Jennifer could have answered that nothing interesting ever happened in Blackheath, but she forbore to; she had not known Angela for long enough to damp such a guileless enthusiasm for England and everything English. She herself, so far, had found Australia far more interesting than England. She liked the prosperous dignity of Melbourne better than the shabby austerity of London; she was deeply and inarticulately pleased with the good country she had seen that day, with the brilliant birds and the novel beasts that roamed the woods and pastures where there were so few people to disturb them. She could do without the sight and the propinquity of famous or of interesting people in return for these good things, for a time anyway.

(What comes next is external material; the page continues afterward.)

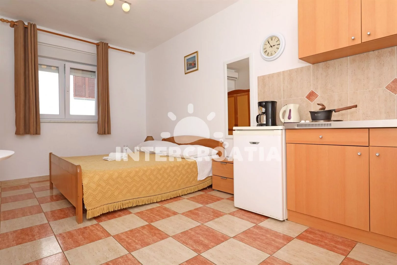 Útulný studiový apartmán, nacházející se v 1. patře domu. Vstup, obývací místnost spojená s kuchyní. Kuchyňská linka s dvouplotýnkovým elektrickým vařičem, lednicí s mrazákem, rychlovarnou konvicí a nádobím. V obývacím pokoji jídelní stůl pro 2 osoby, dvoulůžko a LCD televize se satelitem a DVD. Koupelna se sprchovým koutem, umyvadlem a wc. Hosté mají k dispozici balkon s posezením a v zahradě společný gril. Parkování u objektu.
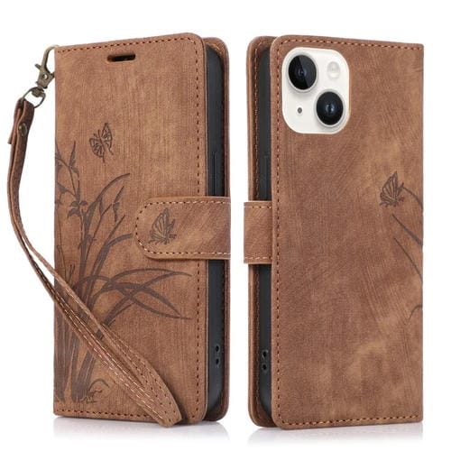 For iPhone 15 Plus Orchid Butterfly Embossed Leather Phone Case (Brown)

She slept well, and woke with the first light of dawn to the sound of people moving about in the homestead; she looked at her watch and found that it was half-past five. Outside was sunshine and a man’s step in the yard; she rolled sleepily out of bed and sat on the edge. Angela opened an eye and said, “What’s the time?”
“Half-past five.”
“We don’t get up till eight. I never do.”
“People seem to be moving about.”
“It’s only Mummy. She gets up in the middle of the night all the year round.” Angela rolled over firmly and went to sleep again.
Jennifer got up and dressed in jumper and slacks, and found Jane Dorman drinking a cup of tea at the table in the kitchen; the fire was already lit in the new stove. She poured Jennifer a cup. “You didn’t have to get up,” she said. “Angela isn’t, is she? I thought not. I often get a bit of cooking done before breakfast, in the hot weather. It’s better than having the stove going in the middle of the day.”